Fantastic. Bet you were excited. Time to get busy!


----------



## rob (Jul 17, 2011)

Stef, how much was that cool rack??


----------



## SpoiledRotten (Jul 17, 2011)

I wish I has some family members that needed to get rid of some wine making equipment! Congrats!


----------



## Runningwolf (Jul 17, 2011)

Stef congrats on the carboys. I bought a plastic stackable rack like that from Presque Isle. I only bought one and I use it to hold my bottles in place when I apply labels.


----------



## Stefani (Jul 17, 2011)

rob said:


> Stef, how much was that cool rack??



Kohl's Sku# 89167079

I got the racks from Kohls.com for $44.99 each, and used 30% off coupon got in the mail. It had free shipping because I ordered it from their Kosk in the store. 

The total for two of them after the discount was $67.48 with tax. 

Then on top of that I also received $10 in Kohl's cash that I printed out for the next purchase. 

Kohl's has some great discounts!!


----------



## jeepingchick (Jul 18, 2011)

NICE I love kohls!!!


----------



## robie (Jul 18, 2011)

Nice looking wine rack. Great score on the carboys!

I got some of my equipment from a couple who retired to a smaller place and decided they couldn't make wine anymore.


----------



## Stefani (Jul 21, 2011)

Stefani said:


>



I have been having trouble cleaning the film on the inside of these carboys. I've left B Bright solution in it for two days and and it still has a little film. Would it be OK if I continue to let the B Bright work on it to get it clean?

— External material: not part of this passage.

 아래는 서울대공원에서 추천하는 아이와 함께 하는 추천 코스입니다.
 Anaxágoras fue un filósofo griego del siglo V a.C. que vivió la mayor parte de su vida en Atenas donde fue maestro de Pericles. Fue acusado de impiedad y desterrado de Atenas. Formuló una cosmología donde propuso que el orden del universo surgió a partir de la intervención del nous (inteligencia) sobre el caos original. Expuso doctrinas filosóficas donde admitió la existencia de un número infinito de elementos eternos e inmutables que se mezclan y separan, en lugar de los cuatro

Or would Oxy Clean be any better?


----------



## SpoiledRotten (Jul 22, 2011)

That rack looks very nice but it looks like a very simple task to make as many as you'd be able to use. Get a few 1 x 4 or 1 x 6 finished boards, mark a line down the middle, space out your center holes, drill with a saw bit, sand to a nice finish, notch the pieces to fit together and you can have enough shelves as you need. That just seems pretty expensive for something that easy to make. I don't believe they would cost more than about $4.00 each to make. I have noticed that prices for wine shelves are fairly steep. Maybe it's like most things; if it's a product for a special hobby/interest, they jack the prices way up on them. JMHO


----------



## djrockinsteve (Jul 22, 2011)

Stefani said:


> I have been having trouble cleaning the film on the inside of these carboys. I've left B Bright solution in it for two days and and it still has a little film. Would it be OK if I continue to let the B Bright work on it to get it clean?
> 
> Or would Oxy Clean be any better?



Use the oxyclean and a bottle brush and warm not hot soapy water. Let it soak if needbe.

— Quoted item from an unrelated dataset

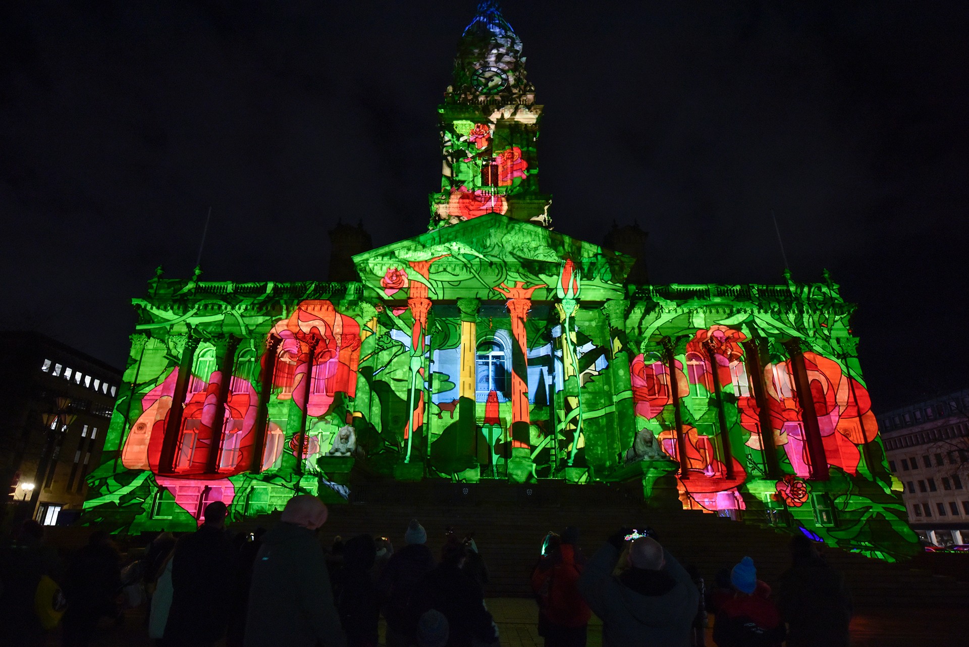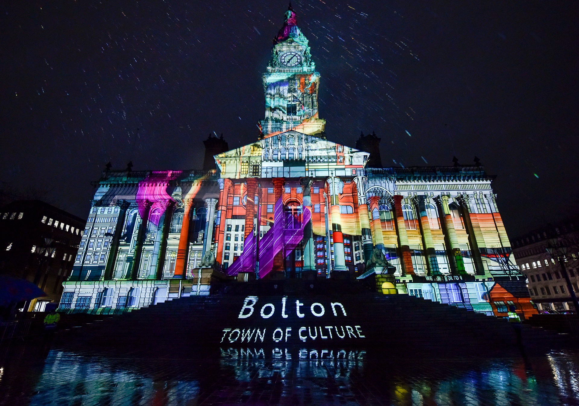 YARN is a stunning large-scale projection on Bolton’s iconic Town Hall, created by NOVAK featuring music by Ed Carter. This installation transforms the building into a series of captivating scenes filled with vibrant colour, dynamic motion, and immersive sound. The artwork honours Bolton’s rich history, tracing its journey from a small rural market town to a powerhouse of the Industrial Revolution, transforming working practices across the globe. It highlights the vibrant production of the town’s mills and the work of its renowned designers, while also showcasing some of Bolton’s most cherished landmarks and its current role as Greater Manchester’s Town of Culture.

It's probably lime or calcium build up from hard water. Some folks have resorted to uncooked rice in it to create a little friction to clean the surface.

Once it's all off be sure to always washout your carboys with warm soapy water, sanitize with pot. meta. and make sure it dries well.

Some store their carboys with some pot. meta. and a few drops of water in them with a solid bung.


----------



## Boyd (Jul 22, 2011)

I have used a light muriatic acid solution to get rid of film in used carboys and milk bottles I bought.

Fill the bottles with the solution and plug and set out in the sun for two or three days. Plastic and a rubber band works for a plug.

Be sure to work in a well vented area. Out side works best in summer. Pour the acid solution over some limestone to neutralize when done.


----------